Listening to the radio this morning, fuming over another silly story about how out of control Christmas is. It is admittadley a crass commercial juggernaut, but what irked me about this story was the traditional scapegoating of 'Advertising'. Everyone who works in advertising I guess.
The narrative we're supposed to swallow is that the commercialization of Christmas is completely out of control because of the influence of advertising on vulnerable kids. This assumes that advertising is truly nefarious and that both kids and parents are powerless to resist its instructions to spend, spend, spend. Nonsense.
Advertising is much dumber than that. It can't create need, it can only address it. Ad legend David Ogilvy said; "Advertising reflects the mores of society, but it does not influence them." On another occasion he added; "Advertising is only evil when it advertises evil things". Right there with you Mr. Ogilvy.

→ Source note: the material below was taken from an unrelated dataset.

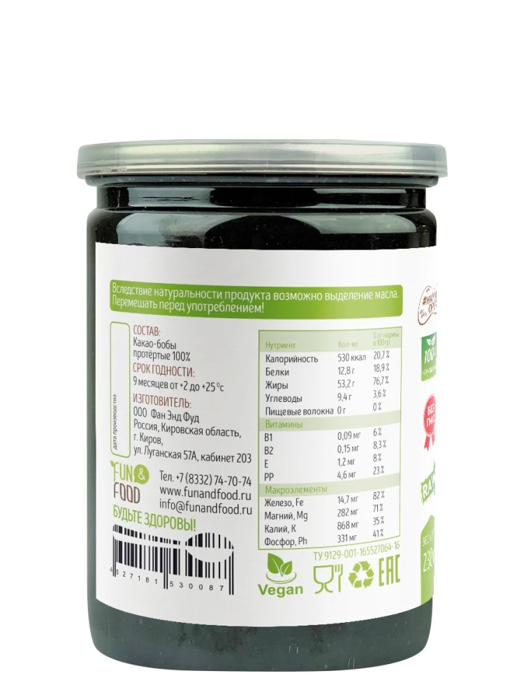 Это не паста!!! Так как в составе только 100% какао, нормальное состояние продукта при комнатной температуре - твёрдое, как у обычной шоколадки. Этот продукт можно растопить на водяной бани до жидкого состояния, и добавлять по вкусу в ваши любимы десерты, либо кушать как тёмный шоколад.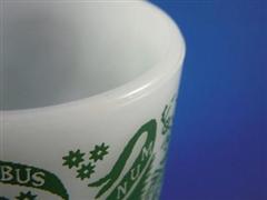 鷲をモチーフとした絵柄です。口元に製造時にできたバリから来るがさつきが若干とプリントインクの飛びがわずかにあります。内面もとても綺麗で使用感のないマグです。

If marketers and ad people are positioning evil goods in front of kids, that would be evil, but that is not what's happening with Christmas. All the ad spending aimed at kids is just basic advertising function. You've got parents with money to spend and companies with products that kids love. All that's missing is the information, and that's where advertising comes in. Not to create a need, but to connect an audience with a brand or product that can meet its needs for a certain price. In that transaction no one's freedom is taken away. No one is being fooled. Kids and parents remain always free to say no to any or all enticements.
As a very warm antidote to all the seasonal negativity, I submit this link to a beautiful, emotional spot from John Lewis in the UK. It evokes a much more sentimental take on gift giving. It slows right down and questions the Christmas spending frenzy, and it's so good, I bet it sold a ton of product.
Thanks to Matt Lamanque for pointing out this great spot.